To use a clumsy phrase, he was not functioning at all well, and certainly not to the level of the competent, capable, intelligent man that he clearly is. Now, I have no doubt, and it is clear from the father’s evidence in his affidavits, which again on an interim hearing I accept wholeheartedly, he regrets his actions and conduct, but perhaps had no control over it at the time. I cannot say. He certainly regrets greatly the hurt and dismay he caused both his children, because it is clear to me these children are very attached to their father.

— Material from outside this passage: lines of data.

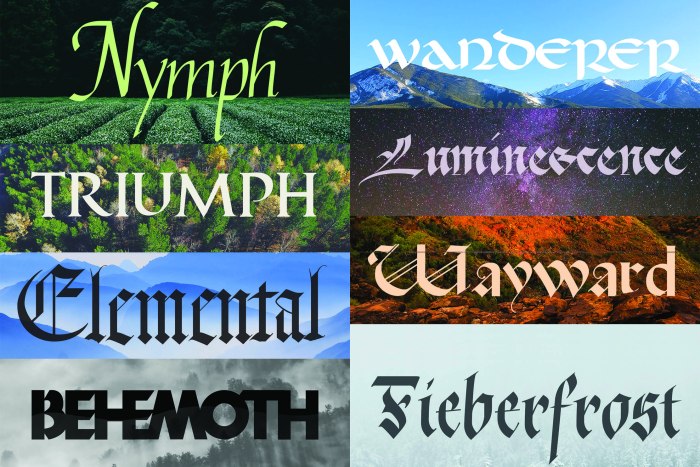FontsBlackletter Font BundleAll 8 scripts, 1 low price.Blackletter Megapack (8 scripts)Individual FontsWanderer is based on the Uncial blackletter calligraphy alphabet. Get those “Lord of the Rings” vibes.BEHEMOTH is a Neuland-based script for bold and condensed writing.Wayward is a blackletter calligraphy font based on Rotunda for robust and classy writing.Nymph is a Italic broad-edge calligraphy script for pleasant and calm writing.Elemental is a Textura-based broad edge script for strong and elegant writing.Luminescence is a Bâtarde-based font for creative and unique writing.TRIUMPH is Roman capitals-based script for powerful and sleek writing.Fieberfrost is a Fraktur-based script for boldness and creative writing.
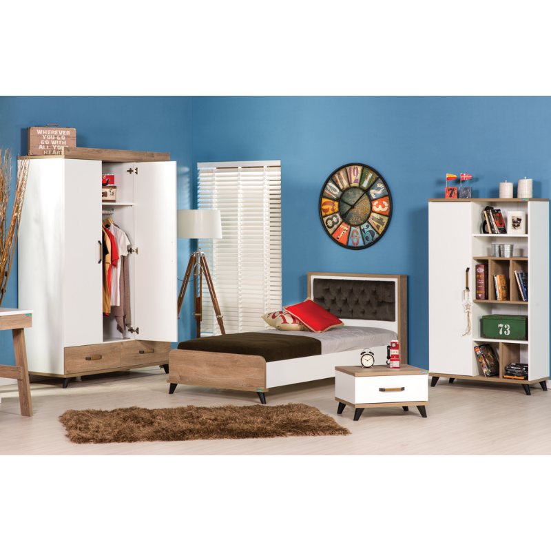Детското легло, което виждате, съчетава практичност и елегантен дизайн, като е идеално за обзавеждане на модерната детска стая. Изработено от качествени материали, то гарантира здравина и дълготрайност, които ще ви служат години наред. Леглото е конструирано с внимание към детайлите, предлагайки безопасно и комфортно място за сън на вашето дете.
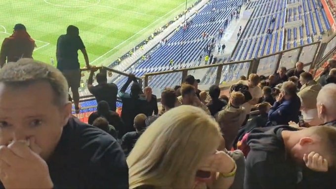 视频背景中可以听到咳嗽声,其他社交媒体用户也证实大量球迷受到影响。后续画面显示,球迷们揉着眼睛、掩面发出嘘声。据社交媒体爆料,警方在封锁洗手间和走廊前曾告知球迷需滞留一小时但可自由使用设施,随后却举起防暴盾并喷洒催泪瓦斯。
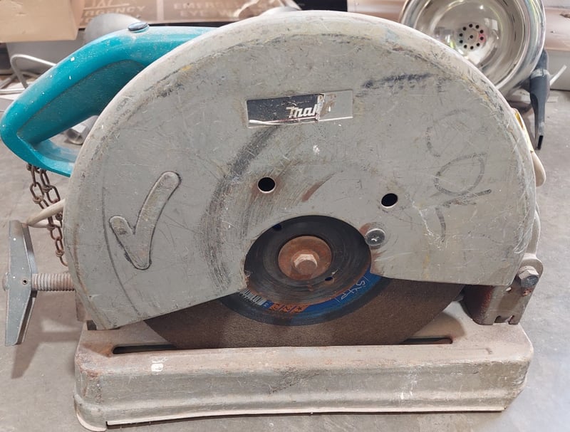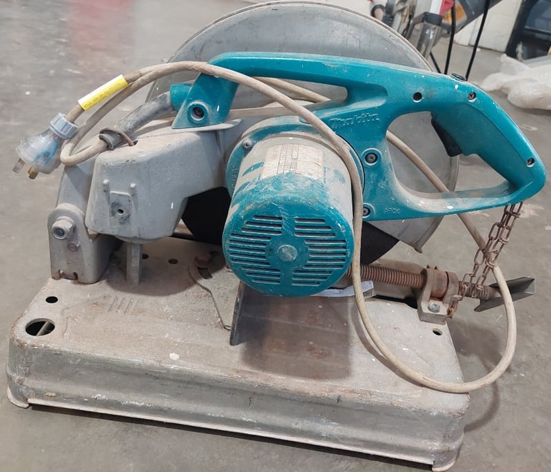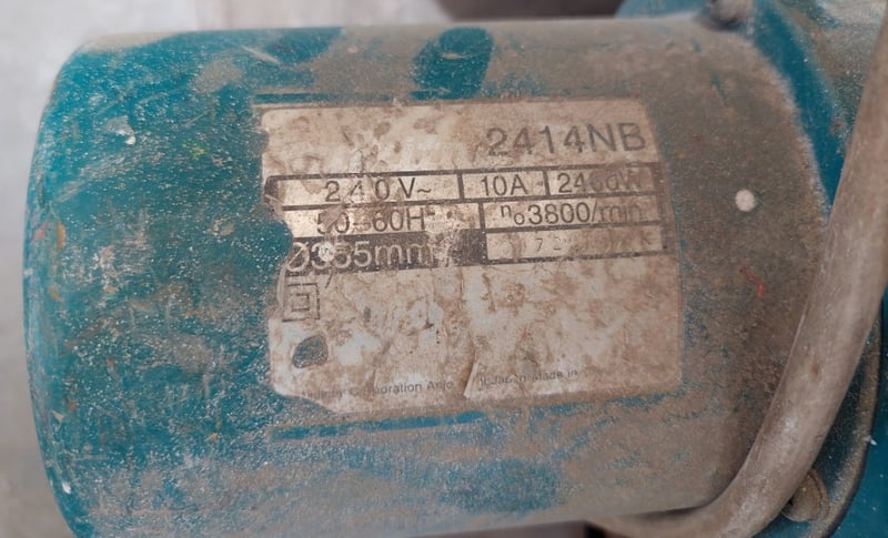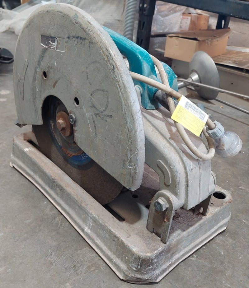 Makita 2414NB electric chop saw featuring a robust concrete base, 355mm abrasive cutting disc, and turquoise-painted motor housing.

They love their father, and they obtain significant benefit from spending what was significant and substantial time in their father’s care, although the children were on a six/eight care regime. Since those distressing incidents the children have not seen their father in any meaningful sense. That quite frankly, is a significant issue for me today. The father referred to the Court process, as he saw it, being a significant catalyst. I don’t dispute that: I accept entirely what the father says. He had, as he told Ms M an experience of a mental health crisis, but that he has recovered from that. I hope that is exactly correct.
[X] says, as I have read out, she greatly misses her father, wants to see him, had been heartbroken by the text she received from him. As a consequence of this event the mother, quite properly - because she also is a competent, capable, caring, intelligent parent - began enquiries in relation to other schools for the children to attend in 2018, given what the father had written to her. I make no criticism of the mother for doing that. That was appropriate, child focused and what she needed to do.
In relation to [Y] it is clear and both his parents agree, as does [Y], that (School C) is his school. He benefits greatly from that school. He enjoys that school, and he has re-attended that school. So for [Y] things have continued as they were without much significant change to his schooling. His father continues to pay school fees, as the orders of 18 March 2014 have said he should. However, the consequences for [X] of the events at the end of 2017 have resulted in her doing her own research.
Clearly, this change was proposed to her by her mother because the mother talked to her about having to go to a new school, and it was a proposal the mother put forward that she attend (School A) - I do not say [X] went out and found these schools on her own, but clearly this was a hot topic of conversation at the end of 2017 in this household, about what school were these children going to attend - and a school that her mother had some knowledge of, and her adult family members had also attended.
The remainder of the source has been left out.